(Saved data entries)
"""

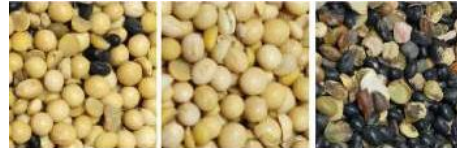
原料 成品 帶出
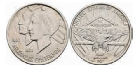
1175 1/2 Dollar, 1937, D, Arkansas, KM 168, kl. Kr., vz-st. 70,—
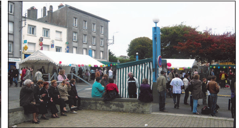
Le temps ayant été clément, un public nombreux s'est pressé parmi les stands où se déroulaient des activités artistiques, les expositions de peinture, et de souvenirs du vieux Lambé à l'église, tandis que sur la scène le groupe « Passe Partout » animait la place.
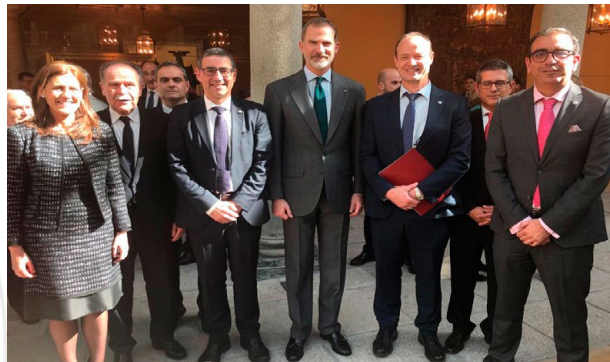
Junto a S.M. el Rey D. Felipe VI de España The President next to King Felipe VI of Spain
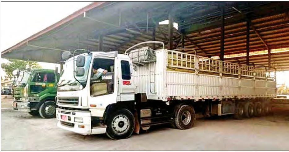
မြဝတီကုန်သွယ်ရေးဇုန်မှ ထွက်ခွာမည့် ပို့ကုန်ယာဉ်များကို တွေ့ရစဉ်။

ယခုအချိန်တွင် ထိုင်းနိုင်ငံဘက်မှ အကောက်ခွန် သက်သာခွင့် ကန့်သတ်ထားသော ကြက်သွန်နီမှ လွဲ၍ ကျန်ပို့ကုန်အမယ်များအတွက် အကောက်ခွန်သက်သာခွင့် ရရှိနိုင်မည့် Form-D ကို ၂၀၂၁ ခုနှစ် ဇန်နဝါရီ ၁ ရက်မှစ၍ Electronic Data Exchange စနစ် အသုံးပြု၍ e-ATIGA Form-D အဖြစ် ပြောင်းလဲအသုံးပြုထုတ်ပေးလျက် ရှိကြောင်း၊ သို့ရာတွင် ဖေဖော်ဝါရီ ၇ ရက်က မြန်မာနိုင်ငံသို့ နည်းပညာပိုင်းဆိုင်ရာ ချွတ်ယွင်းမှုနှင့် အင်တာနက်လိုင်းများ ချွတ်ယွင်းမှုတို့ကြောင့် e-ATIGA Form-D အစား Manual Sign ဖြင့် Manual Form-D ၅၁ စောင် ထုတ်ပေးခဲ့ကြောင်း သိရသည်။
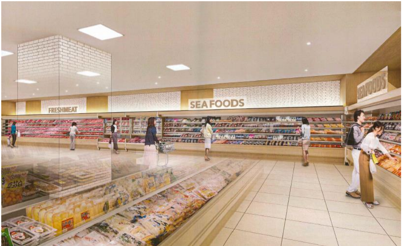
「北千住店」 精肉・鮮魚売場イメージ
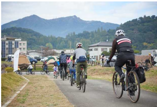
図 7.3 サイクリングイベント バイク&キャンプフェスの模様
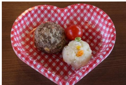
ワンちゃんのハンバーガーランチ
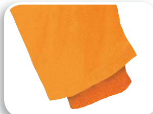
Polsini interni bordo a coste
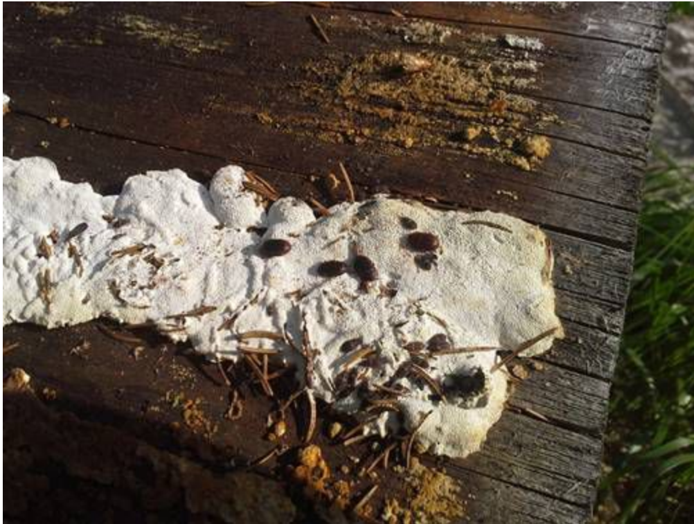
Abbildung 3: Fundstelle von Ostoma ferruginea mit Aradus betulinus im Nationalpark Harz (Revier Rehberg)
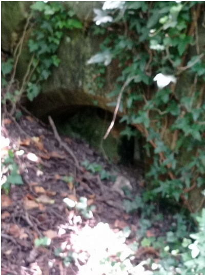
Poterne in der Schafgasse

"""

Your assignment: Skip every picture, and restate word for word only the lines above from the line containing "Junto a S.M." to the line containing "Polsini interni bordo a coste", both of them included.

Your solution:
Junto a S.M. el Rey D. Felipe VI de España The President next to King Felipe VI of Spain
မြဝတီကုန်သွယ်ရေးဇုန်မှ ထွက်ခွာမည့် ပို့ကုန်ယာဉ်များကို တွေ့ရစဉ်။

ယခုအချိန်တွင် ထိုင်းနိုင်ငံဘက်မှ အကောက်ခွန် သက်သာခွင့် ကန့်သတ်ထားသော ကြက်သွန်နီမှ လွဲ၍ ကျန်ပို့ကုန်အမယ်များအတွက် အကောက်ခွန်သက်သာခွင့် ရရှိနိုင်မည့် Form-D ကို ၂၀၂၁ ခုနှစ် ဇန်နဝါရီ ၁ ရက်မှစ၍ Electronic Data Exchange စနစ် အသုံးပြု၍ e-ATIGA Form-D အဖြစ် ပြောင်းလဲအသုံးပြုထုတ်ပေးလျက် ရှိကြောင်း၊ သို့ရာတွင် ဖေဖော်ဝါရီ ၇ ရက်က မြန်မာနိုင်ငံသို့ နည်းပညာပိုင်းဆိုင်ရာ ချွတ်ယွင်းမှုနှင့် အင်တာနက်လိုင်းများ ချွတ်ယွင်းမှုတို့ကြောင့် e-ATIGA Form-D အစား Manual Sign ဖြင့် Manual Form-D ၅၁ စောင် ထုတ်ပေးခဲ့ကြောင်း သိရသည်။
「北千住店」 精肉・鮮魚売場イメージ
図 7.3 サイクリングイベント バイク&キャンプフェスの模様
ワンちゃんのハンバーガーランチ
Polsini interni bordo a coste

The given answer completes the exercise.